DATASET RECORDS:
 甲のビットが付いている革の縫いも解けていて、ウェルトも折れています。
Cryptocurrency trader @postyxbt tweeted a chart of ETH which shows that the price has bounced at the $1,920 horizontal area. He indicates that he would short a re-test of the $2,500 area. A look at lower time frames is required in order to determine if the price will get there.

==

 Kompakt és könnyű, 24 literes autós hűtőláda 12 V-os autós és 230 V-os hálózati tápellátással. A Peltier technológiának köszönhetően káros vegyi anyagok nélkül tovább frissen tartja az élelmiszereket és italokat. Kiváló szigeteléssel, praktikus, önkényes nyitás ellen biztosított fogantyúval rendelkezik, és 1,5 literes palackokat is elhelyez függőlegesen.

WHAT TO WORK ON: Your answer should consist solely of the lines above from the line with "甲のビットが付いている革の縫いも解けていて、ウェルトも折れています。" to the line with "Cryptocurrency trader @postyxbt", both included, reproduced exactly.

TASK OUTPUT:
 甲のビットが付いている革の縫いも解けていて、ウェルトも折れています。
Cryptocurrency trader @postyxbt tweeted a chart of ETH which shows that the price has bounced at the $1,920 horizontal area. He indicates that he would short a re-test of the $2,500 area. A look at lower time frames is required in order to determine if the price will get there.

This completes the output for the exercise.